My Lords, I will focus my contribution on the safety of medical devices, post-marketing surveillance and organ donation. The noble Baroness, Lady Cumberlege, did us all a service with her review, highlighting the trauma and damage suffered by women who have had implantable devices, such as surgical mesh, inserted in the pelvis to treat urinary incontinence.
This Bill could become an important vehicle for implementing the Cumberlege review. It recommends that, in the event of an issue with a device, the Medicines and Healthcare products Regulatory Agency—the MHRA—must have the power to remove a device from the register. This can occur only if all devices, not just some, are included. The report, in recommendation 7, calls for a central patient-identifiable database for all implantable medical devices.
Post-marketing surveillance often relies on professional organisations such as the royal colleges and the specialist associations to undertake outcome studies to assess complications after surgery. The Royal College of Surgeons believes that provisions included in Clauses 13 and 16 should be strengthened to ensure expert oversight of medical devices registers. The National Joint Registry is an excellent example of a long-established registry overseen by a steering committee of experts. Recommendation 7 is key, stating that the database can be
“linked to specifically created registers to research and audit the outcomes both in terms of the device safety and patient reported outcomes measures.”

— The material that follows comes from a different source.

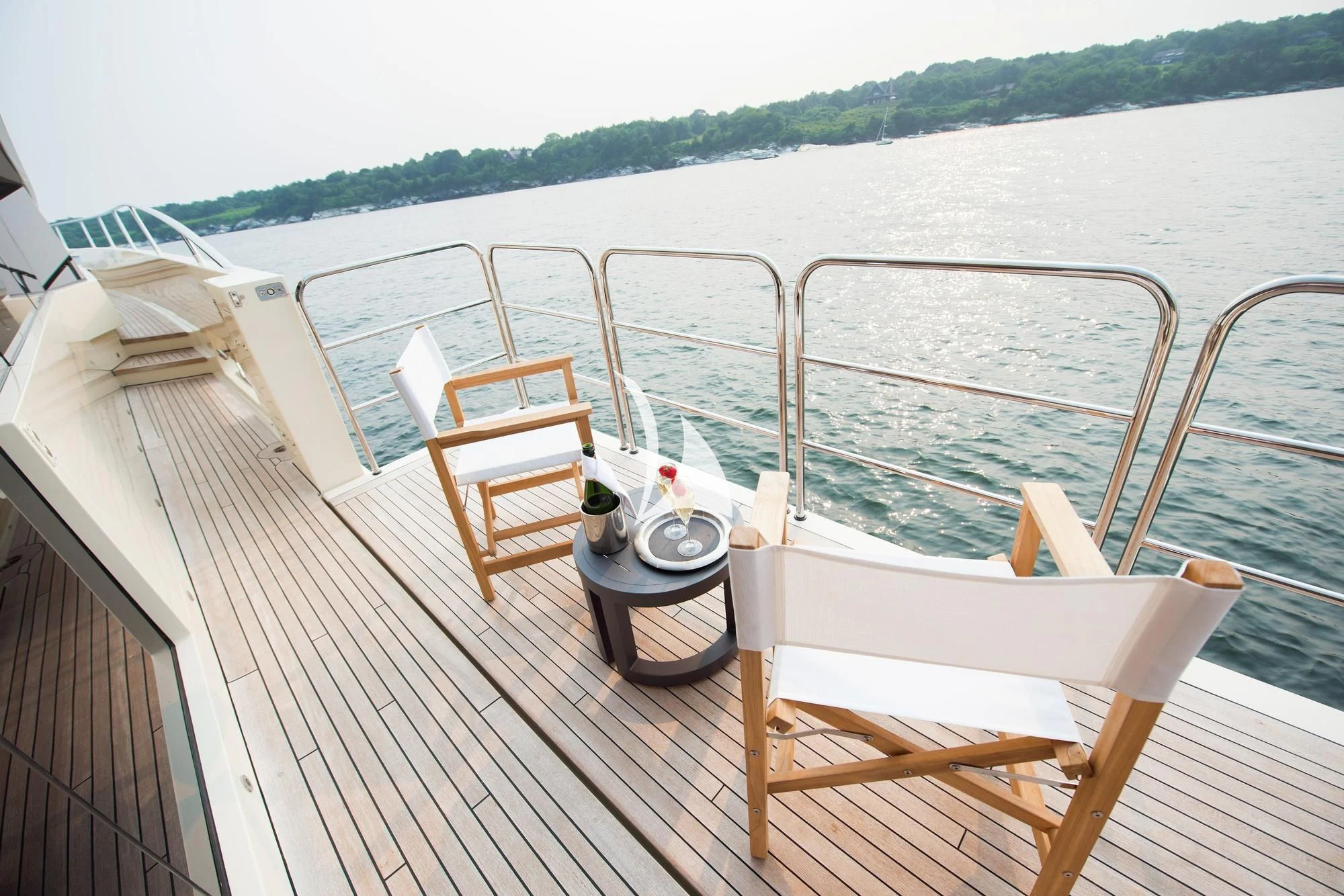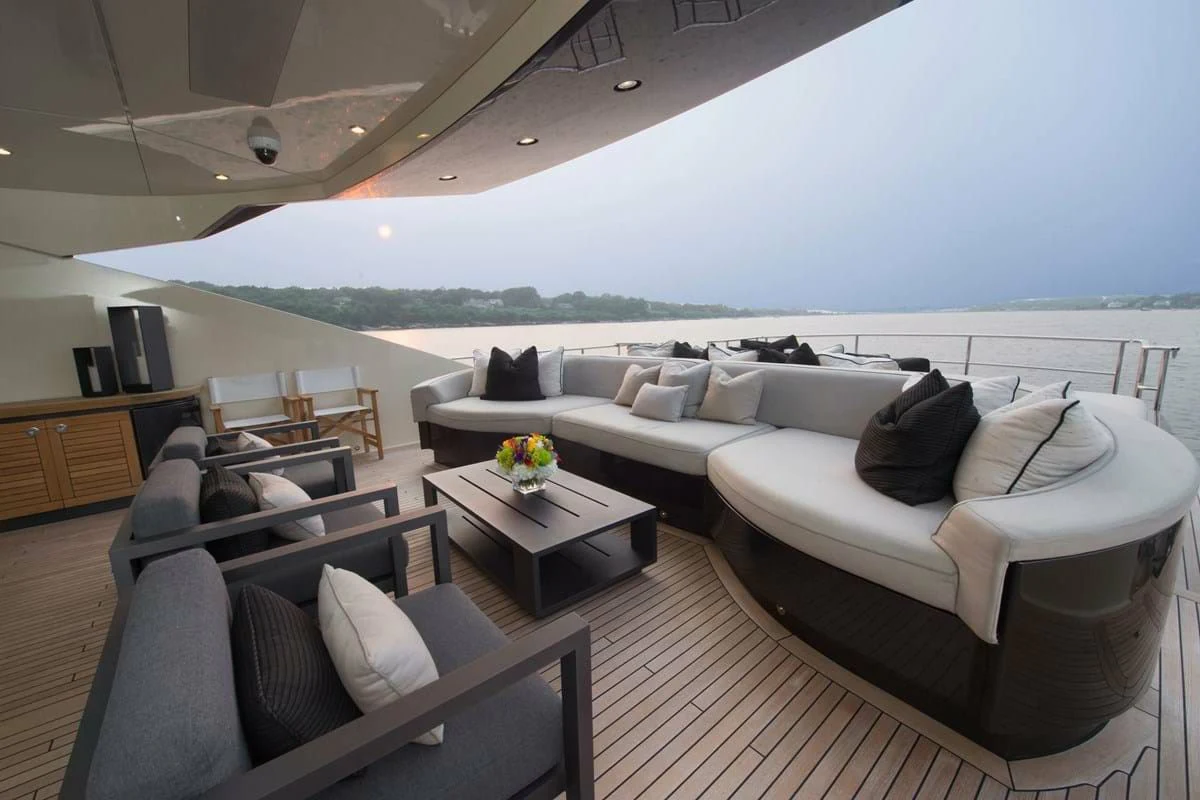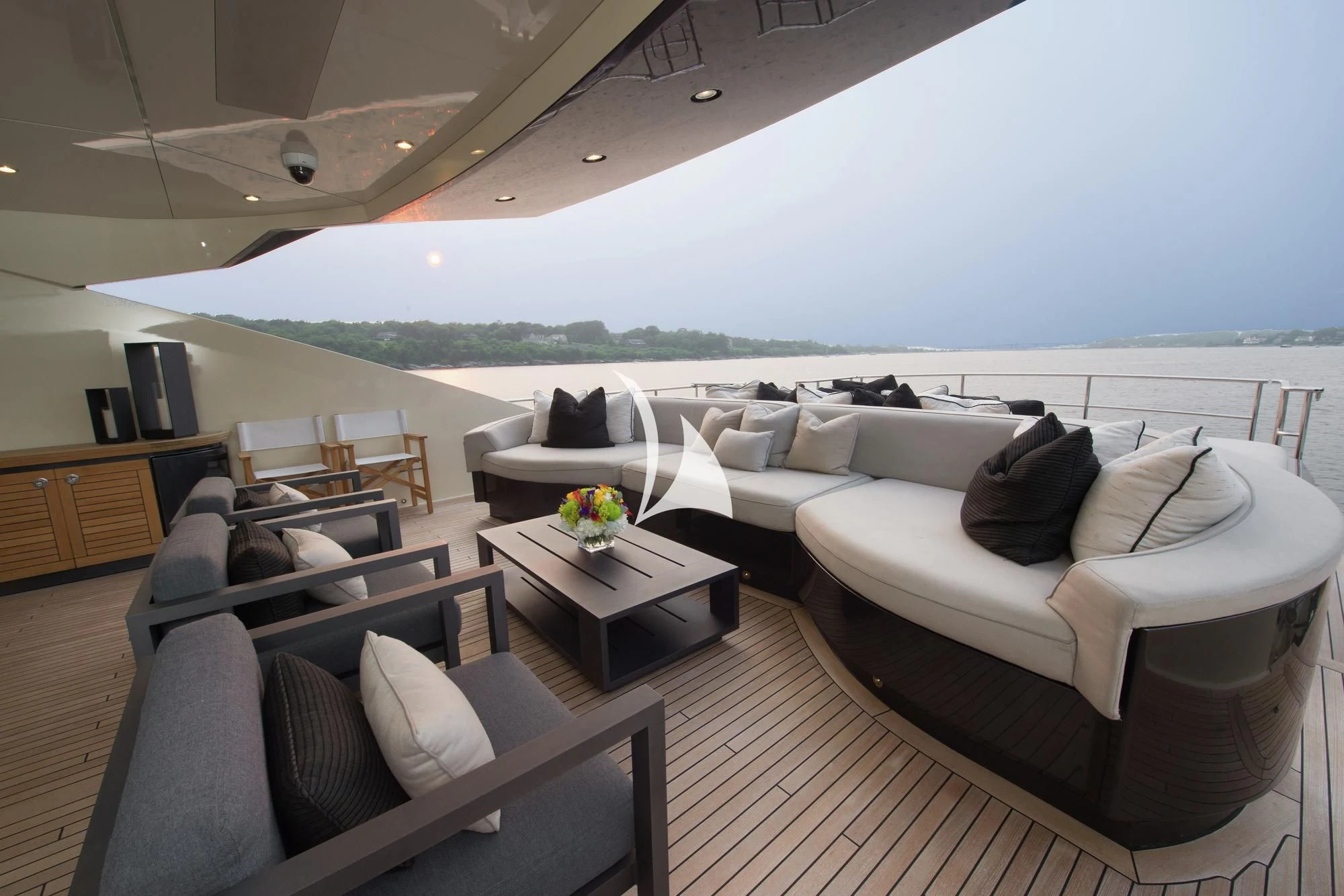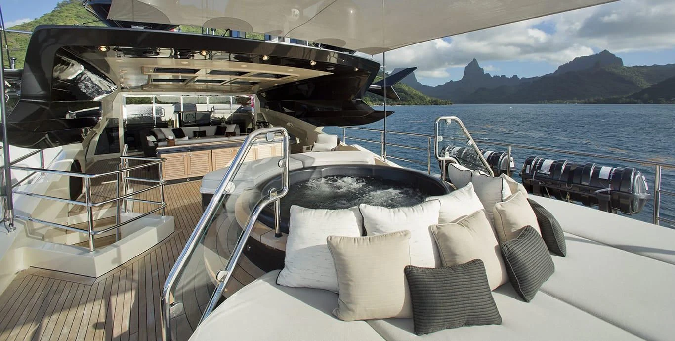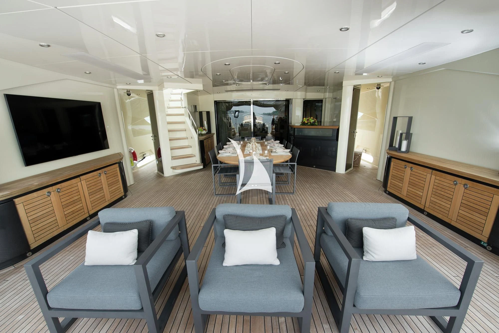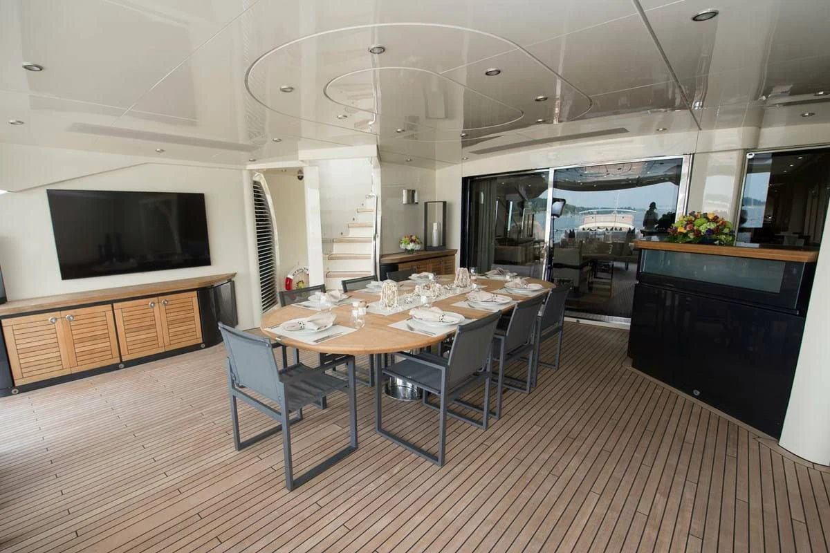 The yacht's exterior spaces are nothing short of spectacular. The sundeck is a haven for sun worshippers, complete with plush loungers and a luxurious Jacuzzi offering panoramic views of the surrounding seascape. Alfresco dining areas invite guests to savor gourmet meals under the stars while enjoying the gentle ocean breeze. At nightfall, these outdoor spaces transform into perfect venues for cocktail parties or intimate gatherings under the starlit sky.

The poly implant prosthesis, or PIP, breast implant is another example of a product that causes harm and misery to many women. The utilisation of systems for tracking devices, such as the Scan4Safety programme, which involves patients wearing barcoded wristbands that can be scanned and tracked against patients’ records, is to be recommended. Although new Clause 16 is welcome, we need to be clear whether the intention is to mandate the tracking of all medical devices or just a select few.
The Healthcare Safety Investigation Branch, or HSIB, has published several reports on safety problems arising from the design, usability, regulation, procurement and marketing of medical devices. For example, it has carried out an investigation into flaws in the design and usage of smart infusion pumps and several investigations into problems with poorly designed devices and equipment which might be manageable by those familiar with them but become a problem when used by those such as staff redeployed in the Covid crisis. The HSIB can highlight these issues but needs legislation to be able to enforce the withdrawal of defective equipment.
Finally, on organ donation—we have heard much of this from the noble Lord, Lord Hunt, the noble Baroness, Lady Northover, and others—in a study published in BMJ Open, ethical issues were raised over the estimated 85,477 organ transplants in China. Ninety-nine per cent of the 445 studies failed to report whether the organ donors had given consent to transplantation. The paper concluded:
“The transplant community has failed to implement ethical standards banning publication of research using material from executed prisoners. As a result, a large body of unethical published research … exists, raising questions of complicity to the extent that the transplant community uses and benefits from the results of this research.”
The noble Lords, Lord Alton and Lord Hunt, and the noble Baroness, Lady Finlay, will be bringing forward an amendment on this issue which I plan to support.